**WHAT IS EXPECTED**
In this exercise, print only the lines of the records below from the one with "第一に料理教室が一眼でわかるようにデザインし、今後親子一緒に料理することで" through the one with "标段名称:第一标段:开封市地", inclusive. Pictures are not part of the copy.

MATERIAL TO PROCESS section start

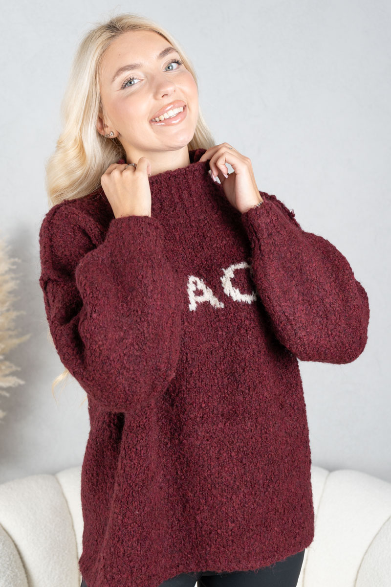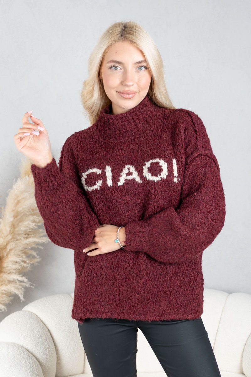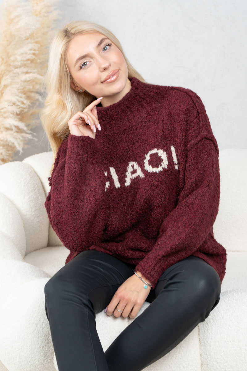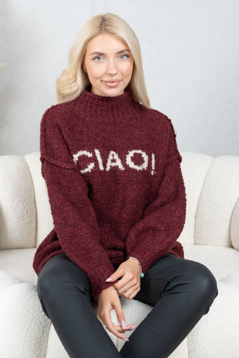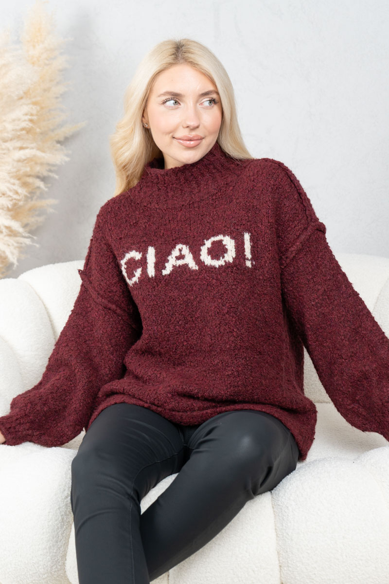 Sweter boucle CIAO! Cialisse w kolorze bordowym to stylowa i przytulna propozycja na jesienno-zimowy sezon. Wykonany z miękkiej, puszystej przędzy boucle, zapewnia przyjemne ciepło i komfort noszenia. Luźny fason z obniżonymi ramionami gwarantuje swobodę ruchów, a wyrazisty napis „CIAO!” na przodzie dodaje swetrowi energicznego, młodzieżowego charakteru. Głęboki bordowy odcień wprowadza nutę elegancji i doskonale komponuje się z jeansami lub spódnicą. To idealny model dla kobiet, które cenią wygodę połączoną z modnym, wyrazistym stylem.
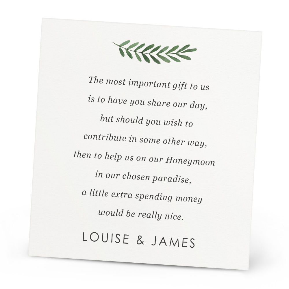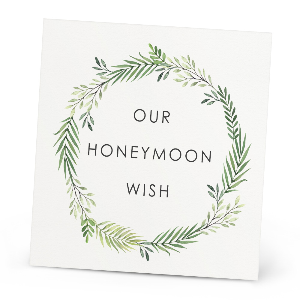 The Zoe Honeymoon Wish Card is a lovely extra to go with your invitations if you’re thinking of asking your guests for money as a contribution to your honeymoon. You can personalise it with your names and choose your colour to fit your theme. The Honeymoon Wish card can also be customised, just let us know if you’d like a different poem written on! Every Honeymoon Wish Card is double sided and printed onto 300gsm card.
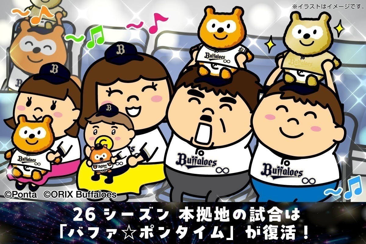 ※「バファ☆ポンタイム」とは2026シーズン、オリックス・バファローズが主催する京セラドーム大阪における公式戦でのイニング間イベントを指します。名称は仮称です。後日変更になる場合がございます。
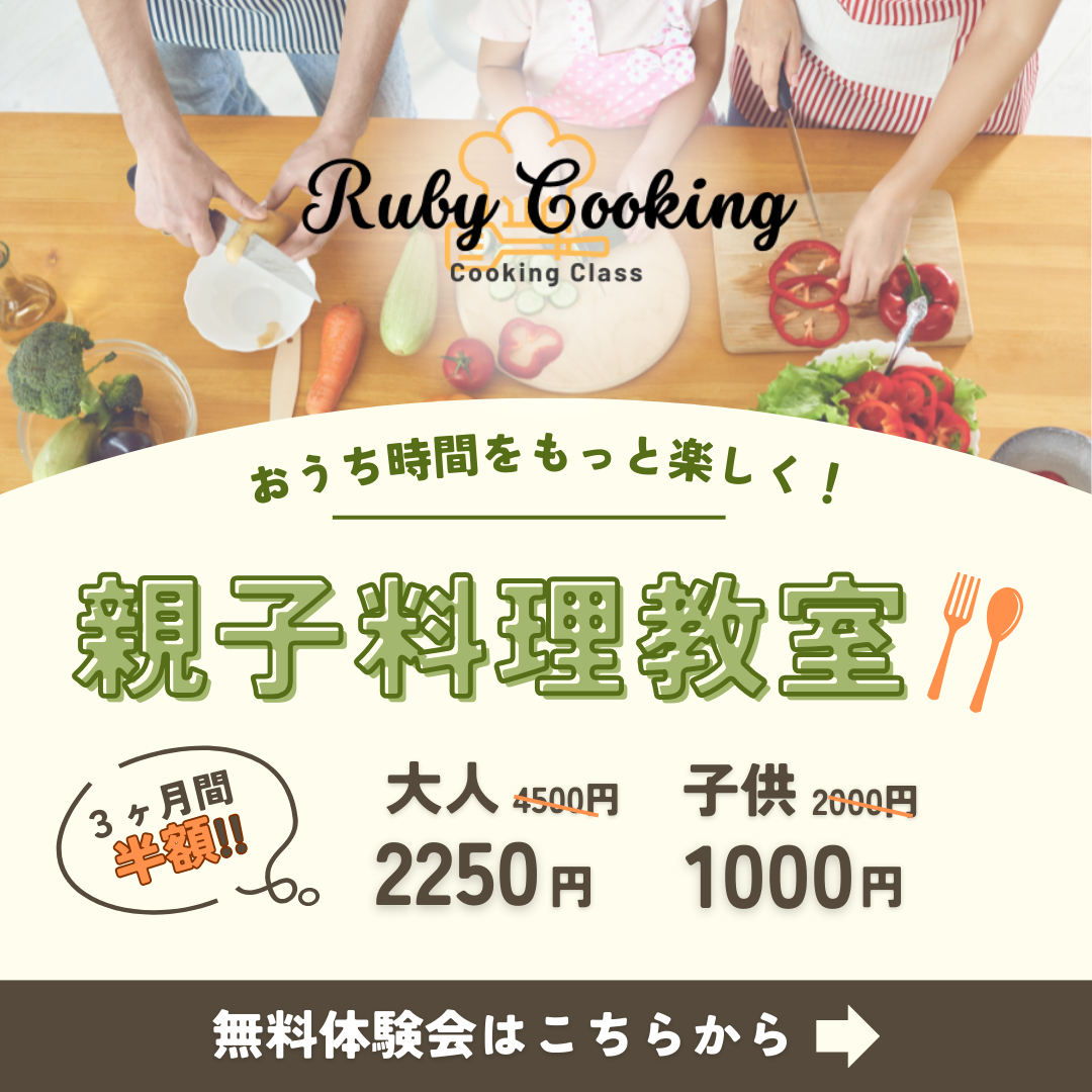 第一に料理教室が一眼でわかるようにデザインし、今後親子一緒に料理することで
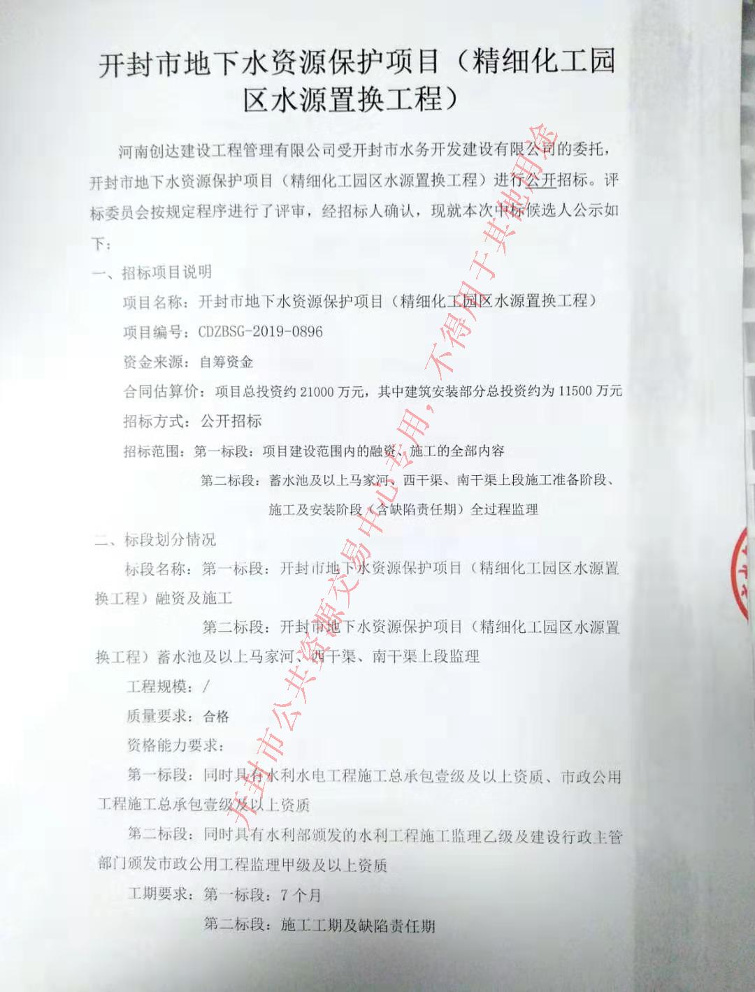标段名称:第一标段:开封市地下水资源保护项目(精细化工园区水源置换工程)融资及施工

MATERIAL TO PROCESS section end
MATERIAL TO PROCESS section start

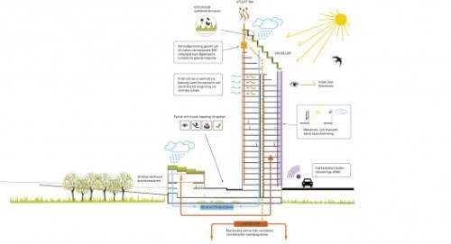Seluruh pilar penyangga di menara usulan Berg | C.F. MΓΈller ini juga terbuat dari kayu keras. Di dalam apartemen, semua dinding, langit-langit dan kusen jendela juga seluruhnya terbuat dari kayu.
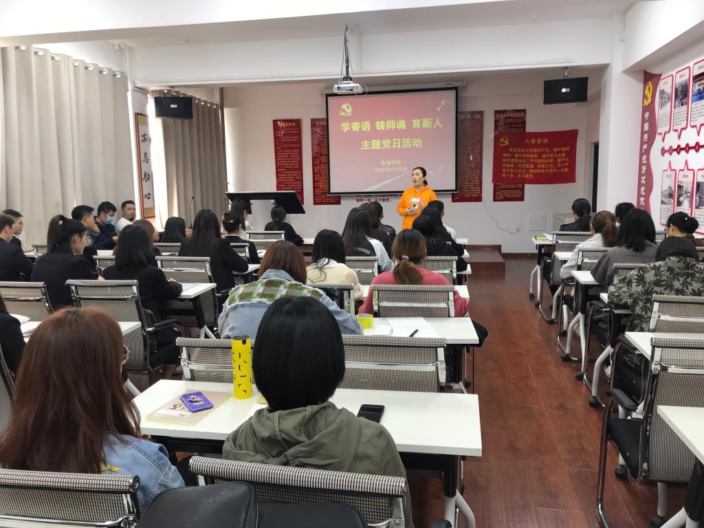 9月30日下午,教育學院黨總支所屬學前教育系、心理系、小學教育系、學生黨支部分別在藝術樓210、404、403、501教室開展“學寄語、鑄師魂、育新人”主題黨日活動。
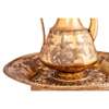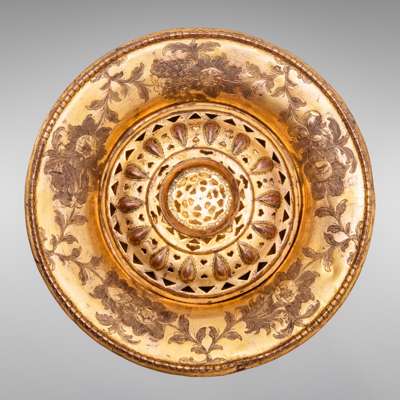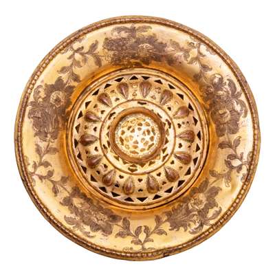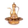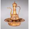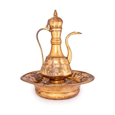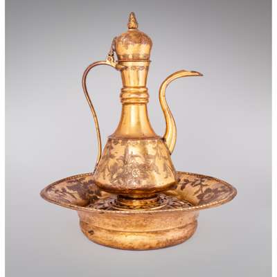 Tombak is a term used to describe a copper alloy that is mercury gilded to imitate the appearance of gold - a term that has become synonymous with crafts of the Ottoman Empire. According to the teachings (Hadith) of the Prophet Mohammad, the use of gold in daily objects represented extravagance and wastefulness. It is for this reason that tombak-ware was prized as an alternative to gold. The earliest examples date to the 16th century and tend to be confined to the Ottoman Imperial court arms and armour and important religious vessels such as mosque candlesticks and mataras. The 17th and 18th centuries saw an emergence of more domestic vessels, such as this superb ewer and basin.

MATERIAL TO PROCESS section end
MATERIAL TO PROCESS section start

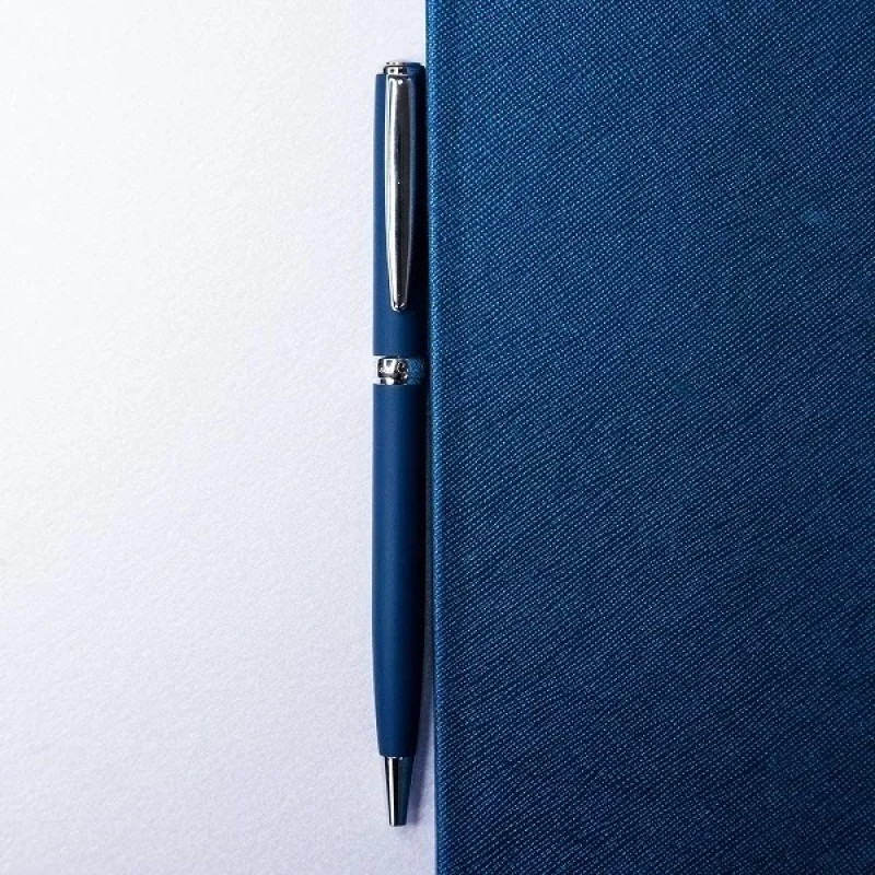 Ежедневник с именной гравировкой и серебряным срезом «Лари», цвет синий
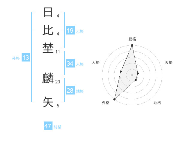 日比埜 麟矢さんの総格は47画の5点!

MATERIAL TO PROCESS section end

**EXERCISE RESPONSE**
 第一に料理教室が一眼でわかるようにデザインし、今後親子一緒に料理することで
标段名称:第一标段:开封市地下水资源保护项目(精细化工园区水源置换工程)融资及施工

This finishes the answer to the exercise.